The Mudcat Café TM
Thread #1921   Message #917586
Posted By: Malcolm Douglas
24-Mar-03 - 11:29 PM
Thread Name: Deep and false water...
Subject: RE: Deep and false water...
No, no, that isn't a value judgement. Don't let's drag the mythical "Folk Police" into this, please. It's a technical term, as you ought to know; and simply shorthand for what was written in the notes to the set of the song printed in The New Green Mountain Songster, 1939, which was precisely as follows:

"From Lilith, the wild woman of perilous love, and Morgan la Fée, to the mood of a street ballad about one of the many Irish youths who have lost their lives in fresh water, is a long leap. But The Lakes of Col Fin takes it. Irish singers understand the lore of the ballad perfectly: Willie was not "drowned"; he was taken away to Tir fa Tonn, "Fairyland-under-wave", by a water-woman who had fallen in love with him. Legends of similar content are frequent in Middle Irish literature and have survived into modern popular tradition.

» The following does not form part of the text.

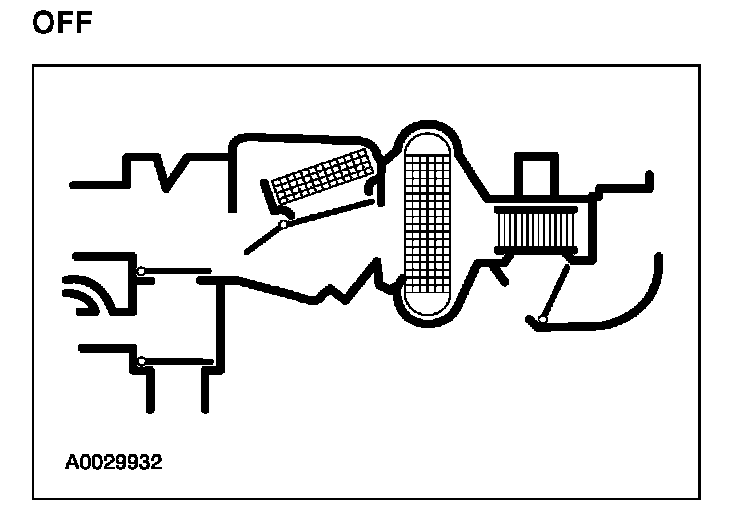 - The air inlet door vacuum control motor is at no vacuum, admitting only outside air into the passenger compartment.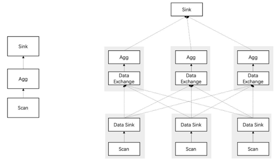 逻辑执行计划的Agg阶段变成了物理执行计划中的先重分布然后汇总的两个步骤,这个过程和Hadoop是类似的,都是按照相同的Key进行数据重分布。

We may compare Motherwell's The Mermayden, whose "bower is biggit o' the gude ships' keels, and the banes o' the drowned at sea" - a grim picture of the supernatural woman's cruelty in love, which the poet nicely caught - and Leyden's The Mermaid of Corrievrekan, with a happy ending wrought by a clever hero who inveigles the mermaid into taking him back to bid farewell to his former love, "the maid of Colonsay". Both poems were based on local traditions and legends.

"Popular tradition, however, does not mean popular origin. In the case of our ballad, the underlying folklore is Irish de facto, but not de iure; the ballad is of Oriental and literary origin, and has sunk to the level of the "folk" which has the keeping of folklore. To put it in a single phrase, memory not invention, is the function of the folk.

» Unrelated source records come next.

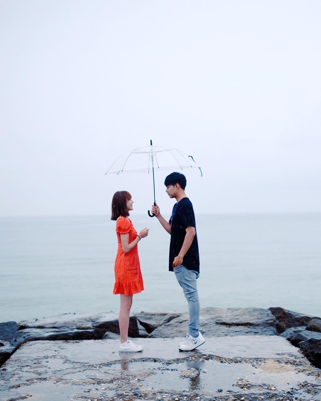 មើលទៅខាងស្រីក៏មិនព្រមចាញ់ដែរទើបជ្រើសរើសរូបដ៏ផ្អែមល្ហែមបំផុតផុសរួមជាមួយ caption ថា “សុំឆ័ត្របន្ទិចបានទេ មើលទៅដូចជាស្នេហាចូលពេញភ្នែកហើយ daddy”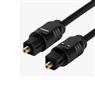 Cabo óptico de áudio digital com conectores padrão TOSLINK macho em ambas as extremidades, indicado para transmissão de áudio digital com alta fidelidade.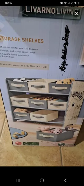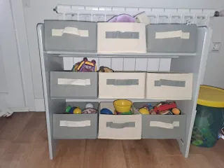 Práctica estantería para la habitación de los niños, con un diseño moderno y funcional. - Construcción ligera y robusta. - Incluye cajas de tela extraíbles. - Base reforzada para mayor estabilidad. - Dimensiones aproximadas: 65 x 60 x 30 cm (Ancho x Alto x Profundidad). Se vende ya montado

"The Lakes of Col Fin was first printed by Dr P. W. Joyce in 1872, in a version, with the air, obtained from a County Limerick singer. A full history of the ballad and of the folk tradition pertaining to it is in Folk Song Society of the Northeast, Bulletin No. 8, pp. 9-12.

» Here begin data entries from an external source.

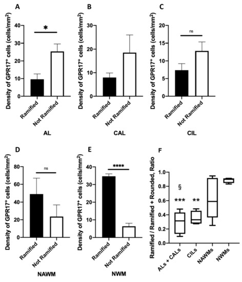 Then, we performed a comparative analysis among active lesions (ALs and CALs), CILs, NAWMs, and NWMs, in order to evaluate the correlation between a specific condition and the prevalence of ramified or rounded GPR17+ cells. For this reason, we calculated the ratio between ramified GPR17+ cells and the total GPR17+ cells in each condition and found that the ramified GPR17+ cells are more represented in NWMs than in active lesions or CILs and are more represented in NAWMs than in active lesions, whereas in all the other conditions no remarkable differences were found (Figure 5F).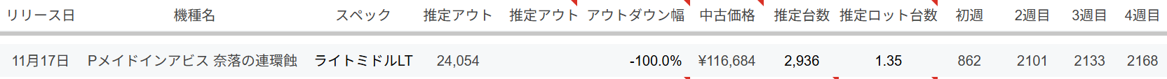 【定点観測】Pメイドインアビス 奈落の連環蝕は約2,936台+スマスロネオプラネットは 6,314台/4週目の定点観測出ました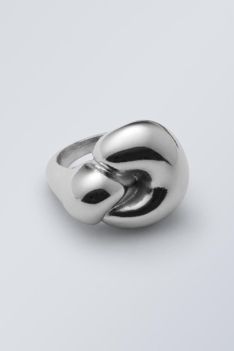 En kraftig ring med en rund, organisk form tillverkad av återvunnen zink.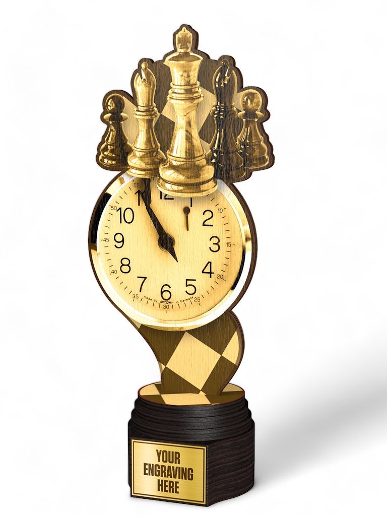 The Frontier Classic Real Wood Chess Trophy blends sustainability with bold design, making it an eco-friendly yet prestigious award.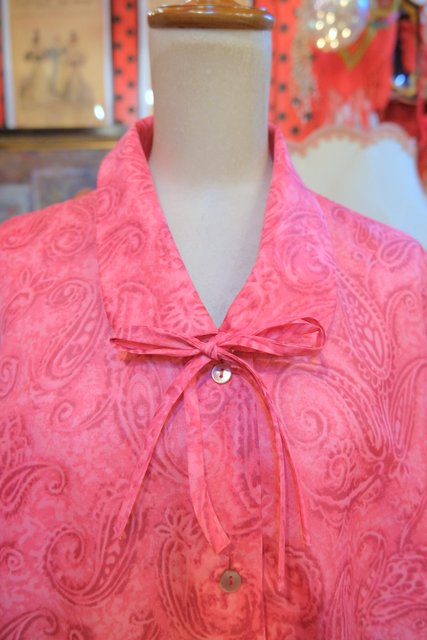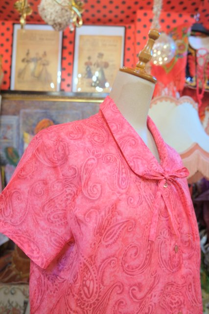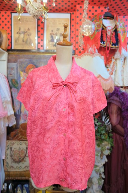アートなペイズリー柄に丸襟×リボンデザインが可愛らしい1950~60年代頃のヨーロピアンヴィンテージブラウス

"Mrs. Flanders met this ballad as The Lakes of Champlain while talking about old songs with Mrs Herbert Haley of Cuttingsville, Vermont. Mrs Haley sang the words to the tune of The Dying Cowboy, and had been told that the drowned boy was "Willie Lanard", well known to the person who gave her the song."

-Helen Hartness Flanders, Elizabeth Hartness Ballard, George Brown and Phillips Barry: The New Green Mountain Songster: Traditional Songs of Vermont, 1939; reprinted Folklore Associates, Pennsylvania, 1966.

Now, as it happens, this kind of romantic tendency to attribute "ancient" and supernatural origins to traditional songs without an atom -apparently- of real evidence was still pretty common in those days, though we tend to be a little more sceptical nowadays. It may well be that whoever wrote the above (perhaps Mrs Flanders, a rather well-known and respected folk song collector and folklorist) might see it differently if she was writing today; perhaps not. I don't pretend to know. Certainly I'd question the relevance of the references to Scottish literature. She was also unaware, it seems, of the numerous broadside printings of forms of the song that pre-date Joyce (but not by a great deal; there seems to be no evidence that it is older than the 19th century); but again, she is not to be blamed for that. Scholarship and technology have moved on, and today resources are easily and trivially available to us which were often unknown to scholars of the day.

In case there is still any doubt, I had better explain that the use of the term "degenerate" in this context (though it was Felipa's gloss, not actually used in the book referred to) simply implies that a song has lost elements that might originally have belonged to it; and, along with them, part of its original meaning. In that sense it might properly be said to be "degenerate", but this doesn't imply any aesthetic criticism; just an objective observation.

I'm inclined to doubt that Mrs Flanders (if it was she) was right about this one, but that's just my opinion; which, though moderately well-informed, enjoys the benefit of hindsight which was not available to her. I won't ever know, or understand, as much about folk song as she did; and I doubt that any of the other contributors to this discussion will, either.